YOUR OBJECTIVE:
Print the lines in the listing below that fall between the line with "河南新华电脑学校隶属新华电脑" and the line with "The document contains", those two lines included, exactly as they stand and with nothing else.

DATA PROVIDED:

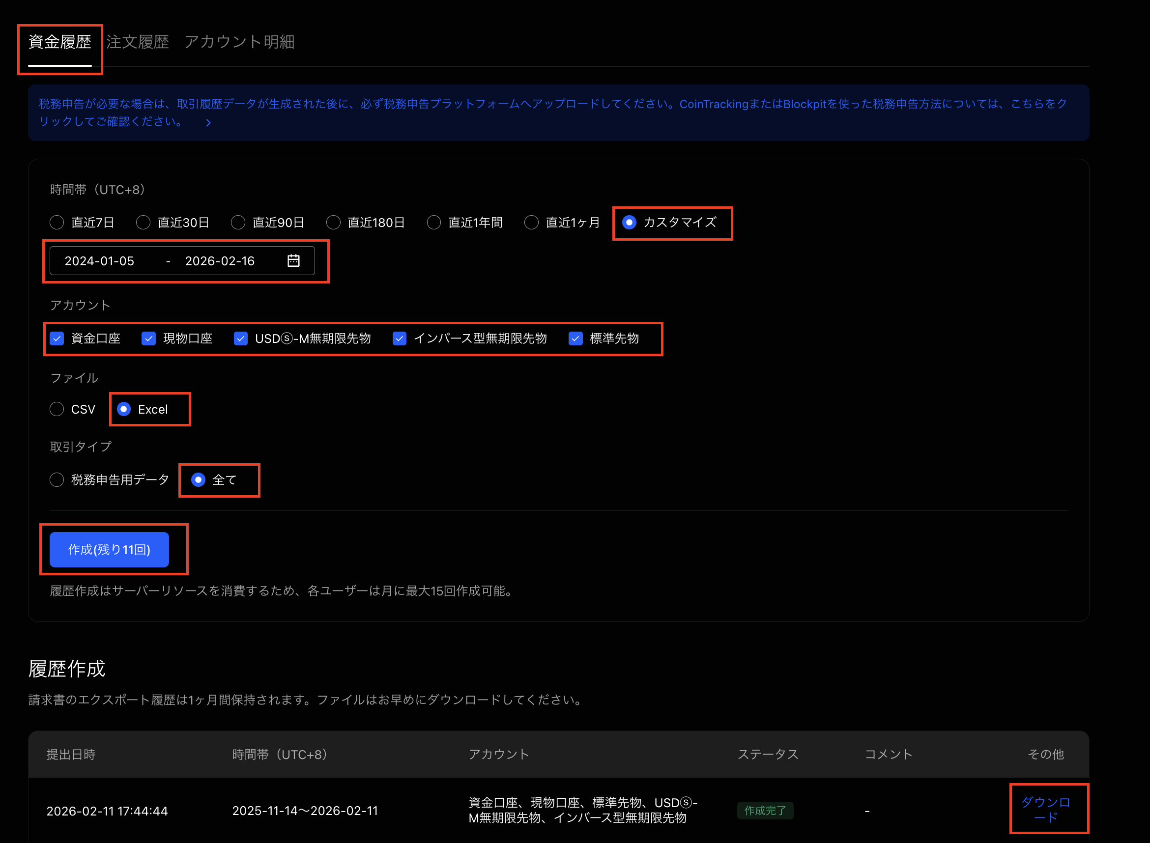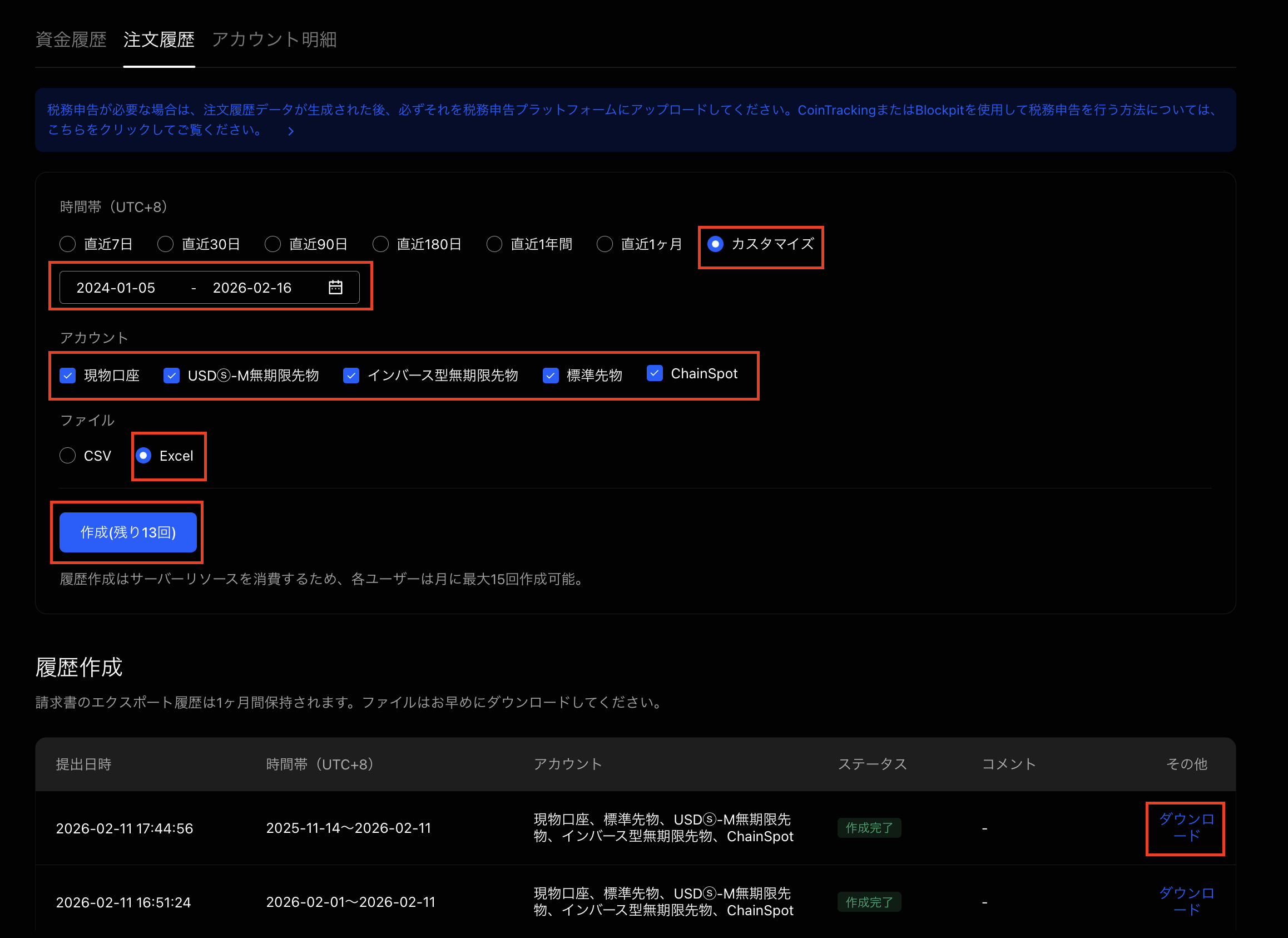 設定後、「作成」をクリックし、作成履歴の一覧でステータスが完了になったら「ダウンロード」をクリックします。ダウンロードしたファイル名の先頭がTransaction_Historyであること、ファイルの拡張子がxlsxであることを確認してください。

* * *

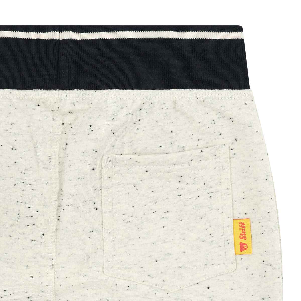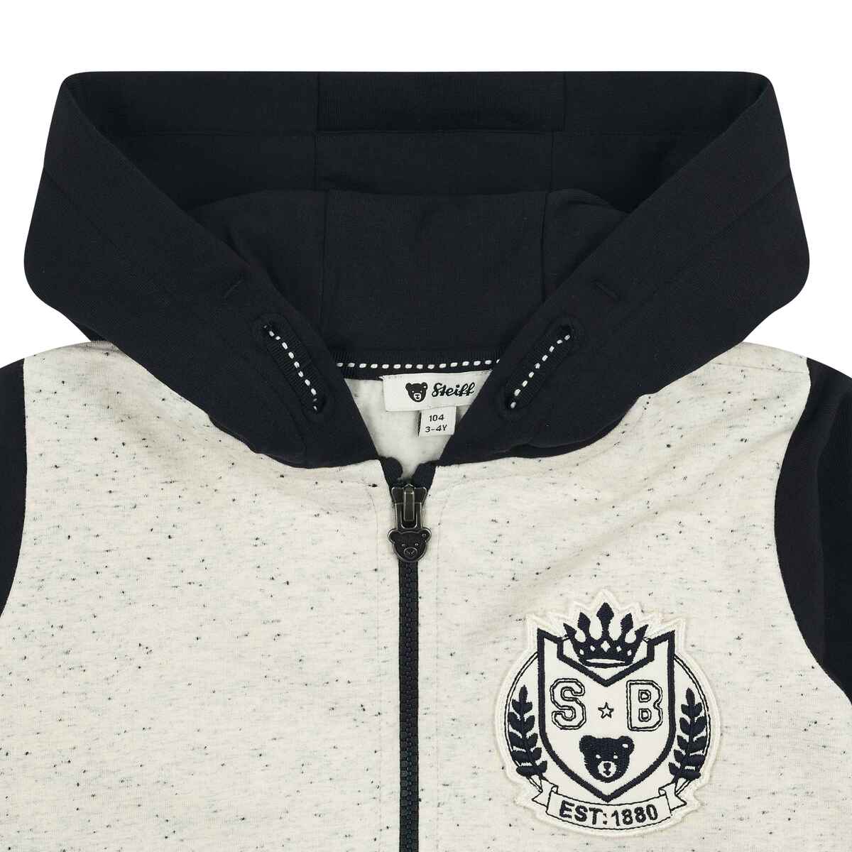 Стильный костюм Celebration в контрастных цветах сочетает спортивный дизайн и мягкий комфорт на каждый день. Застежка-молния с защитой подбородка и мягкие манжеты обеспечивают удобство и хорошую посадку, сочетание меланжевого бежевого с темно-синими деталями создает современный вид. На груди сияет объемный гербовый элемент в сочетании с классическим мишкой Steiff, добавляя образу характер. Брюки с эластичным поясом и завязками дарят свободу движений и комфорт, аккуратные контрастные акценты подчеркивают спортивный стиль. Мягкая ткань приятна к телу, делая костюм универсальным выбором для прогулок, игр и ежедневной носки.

==

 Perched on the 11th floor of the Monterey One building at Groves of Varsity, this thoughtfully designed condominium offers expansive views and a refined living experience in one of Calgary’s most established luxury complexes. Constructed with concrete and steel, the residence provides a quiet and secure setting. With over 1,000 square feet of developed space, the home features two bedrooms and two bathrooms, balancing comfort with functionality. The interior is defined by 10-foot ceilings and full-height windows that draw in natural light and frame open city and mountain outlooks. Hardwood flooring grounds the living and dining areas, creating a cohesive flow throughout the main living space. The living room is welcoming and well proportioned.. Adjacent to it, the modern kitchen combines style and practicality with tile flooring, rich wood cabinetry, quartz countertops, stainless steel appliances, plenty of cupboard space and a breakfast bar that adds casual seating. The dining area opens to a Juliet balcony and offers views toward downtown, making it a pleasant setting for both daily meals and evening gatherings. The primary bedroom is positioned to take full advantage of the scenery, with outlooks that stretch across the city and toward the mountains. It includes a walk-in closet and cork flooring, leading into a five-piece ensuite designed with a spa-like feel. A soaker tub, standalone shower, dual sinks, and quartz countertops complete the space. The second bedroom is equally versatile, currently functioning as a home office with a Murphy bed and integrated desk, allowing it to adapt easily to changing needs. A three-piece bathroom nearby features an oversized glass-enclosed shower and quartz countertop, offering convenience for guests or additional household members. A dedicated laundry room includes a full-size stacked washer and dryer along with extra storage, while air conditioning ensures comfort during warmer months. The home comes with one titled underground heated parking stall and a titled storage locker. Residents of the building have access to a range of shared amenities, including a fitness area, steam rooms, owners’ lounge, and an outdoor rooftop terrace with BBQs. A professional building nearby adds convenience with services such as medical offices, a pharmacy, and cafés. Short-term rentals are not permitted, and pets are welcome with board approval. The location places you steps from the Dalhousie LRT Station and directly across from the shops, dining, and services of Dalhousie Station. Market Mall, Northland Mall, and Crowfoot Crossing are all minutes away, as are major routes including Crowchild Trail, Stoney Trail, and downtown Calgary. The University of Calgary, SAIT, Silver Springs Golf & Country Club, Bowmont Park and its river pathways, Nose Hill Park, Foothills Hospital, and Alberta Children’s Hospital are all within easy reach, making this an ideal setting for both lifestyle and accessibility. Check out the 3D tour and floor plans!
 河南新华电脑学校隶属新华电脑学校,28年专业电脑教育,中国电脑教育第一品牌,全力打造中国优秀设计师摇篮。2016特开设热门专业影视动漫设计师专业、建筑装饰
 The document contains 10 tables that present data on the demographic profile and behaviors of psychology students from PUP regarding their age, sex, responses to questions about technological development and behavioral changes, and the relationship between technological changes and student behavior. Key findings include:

ANSWER SECTION:
 河南新华电脑学校隶属新华电脑学校,28年专业电脑教育,中国电脑教育第一品牌,全力打造中国优秀设计师摇篮。2016特开设热门专业影视动漫设计师专业、建筑装饰
 The document contains 10 tables that present data on the demographic profile and behaviors of psychology students from PUP regarding their age, sex, responses to questions about technological development and behavioral changes, and the relationship between technological changes and student behavior. Key findings include:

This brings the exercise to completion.